■ Work required: Please restate each line of the data that follows word for word, skipping any image.

■ Provided data:
- - -

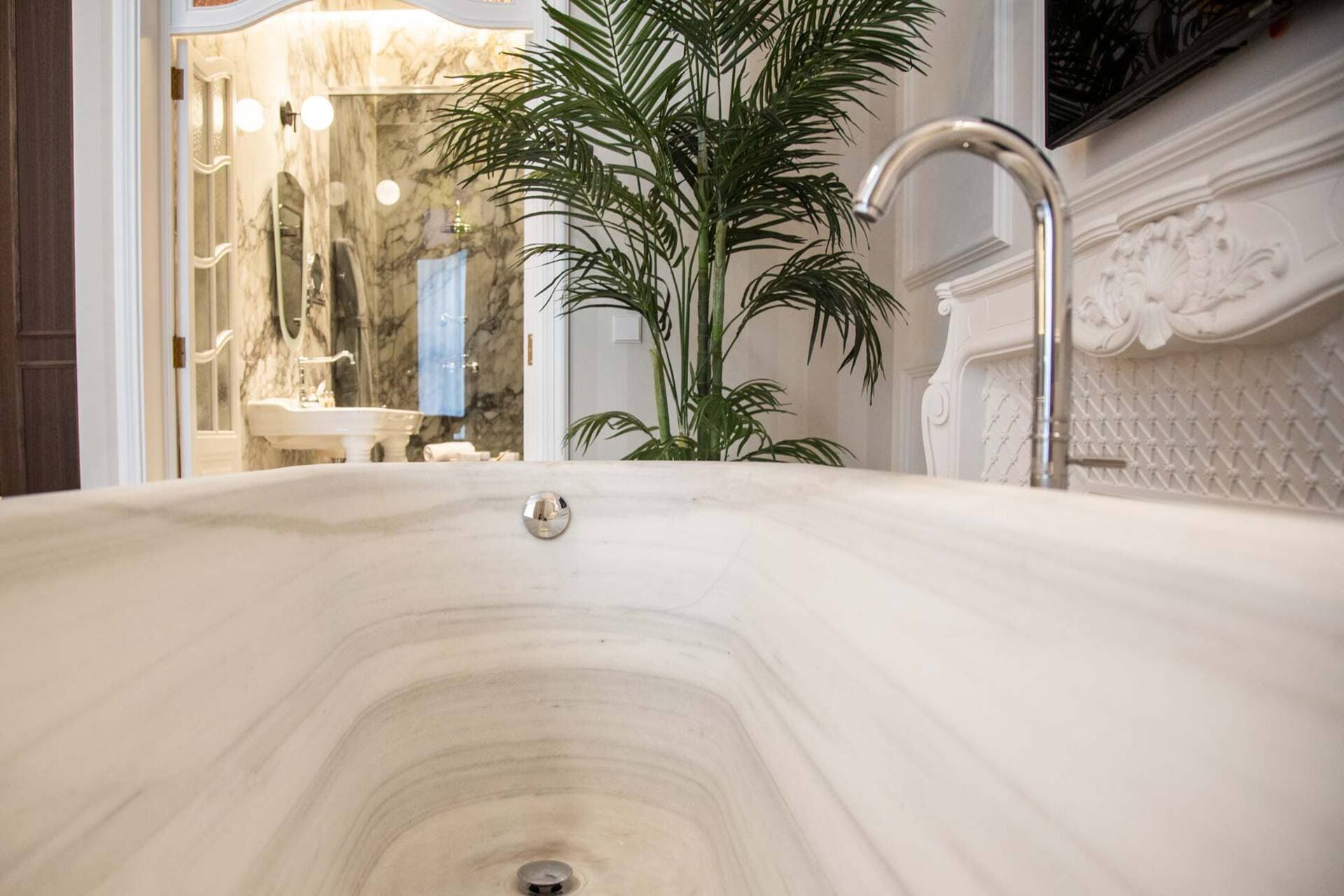 Su baño es una declaración de sofisticación: una impresionante bañera exenta de mármol preside el espacio, ideal para quienes buscan una experiencia de lujo relajante y exclusiva.
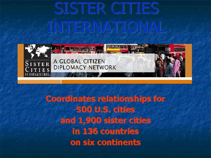 SISTER CITIES INTERNATIONAL Coordinates relationships for 500 U. S. cities and 1, 900 sister cities in 136 countries on six continents
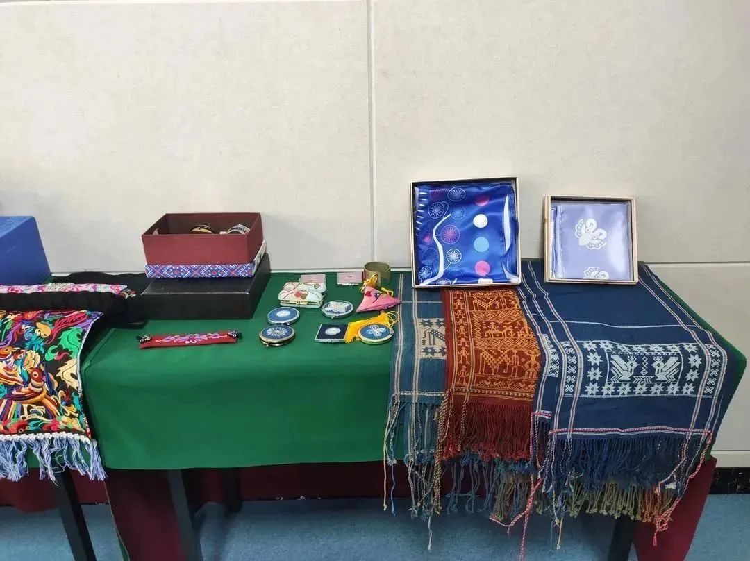 杨老师从苗族古歌开始,分析了苗族艺术史,进而从苗族刺绣的艺术和审美价值两方面作了详细的介绍,并展示了多彩的苗族刺绣蝴蝶纹、鸟纹等具体纹样图片。会场外还展示了丰富的苗族刺绣作品。

- - -

■ Answer section:
 Su baño es una declaración de sofisticación: una impresionante bañera exenta de mármol preside el espacio, ideal para quienes buscan una experiencia de lujo relajante y exclusiva.
 SISTER CITIES INTERNATIONAL Coordinates relationships for 500 U. S. cities and 1, 900 sister cities in 136 countries on six continents
 杨老师从苗族古歌开始,分析了苗族艺术史,进而从苗族刺绣的艺术和审美价值两方面作了详细的介绍,并展示了多彩的苗族刺绣蝴蝶纹、鸟纹等具体纹样图片。会场外还展示了丰富的苗族刺绣作品。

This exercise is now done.